Task data
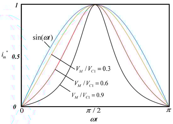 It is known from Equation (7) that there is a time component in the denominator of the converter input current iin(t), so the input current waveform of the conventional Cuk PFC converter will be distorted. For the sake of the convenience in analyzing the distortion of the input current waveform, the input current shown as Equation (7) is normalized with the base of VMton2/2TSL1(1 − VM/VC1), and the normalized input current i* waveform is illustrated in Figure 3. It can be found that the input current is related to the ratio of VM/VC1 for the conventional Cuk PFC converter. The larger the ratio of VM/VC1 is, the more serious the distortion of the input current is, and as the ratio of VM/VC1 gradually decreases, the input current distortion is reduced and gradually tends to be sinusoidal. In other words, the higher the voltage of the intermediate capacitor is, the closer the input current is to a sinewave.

---

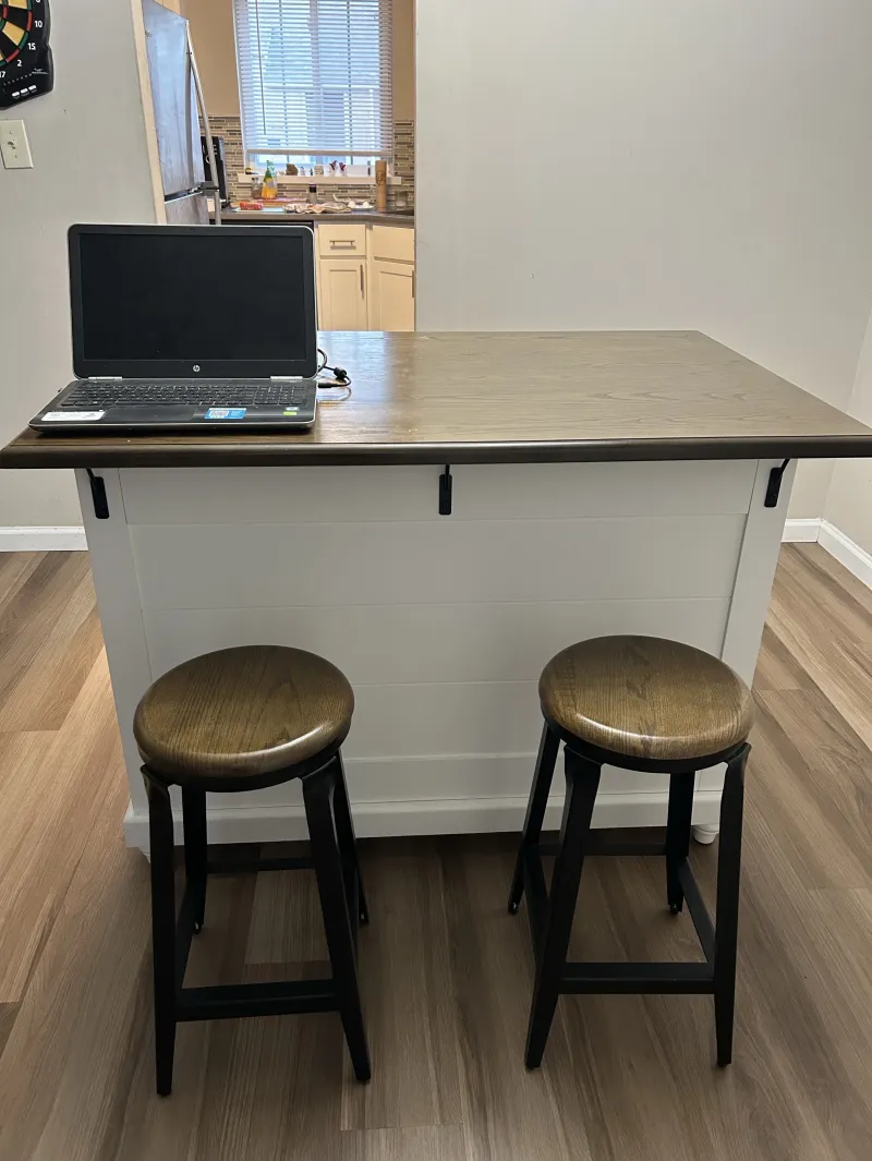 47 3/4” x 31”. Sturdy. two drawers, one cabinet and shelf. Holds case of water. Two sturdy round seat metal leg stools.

* * *

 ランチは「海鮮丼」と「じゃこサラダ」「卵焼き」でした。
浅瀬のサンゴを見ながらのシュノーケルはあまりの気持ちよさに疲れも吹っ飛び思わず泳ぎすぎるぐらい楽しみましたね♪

Problem statement
There is a run of lines above from the one with "ランチは「海鮮丼」と「じゃこサラダ」「卵焼き」でした。" to the one with "浅瀬のサンゴを見ながらのシュ"; print exactly that run, both ends included, and nothing else.

Your response
 ランチは「海鮮丼」と「じゃこサラダ」「卵焼き」でした。
浅瀬のサンゴを見ながらのシュノーケルはあまりの気持ちよさに疲れも吹っ飛び思わず泳ぎすぎるぐらい楽しみましたね♪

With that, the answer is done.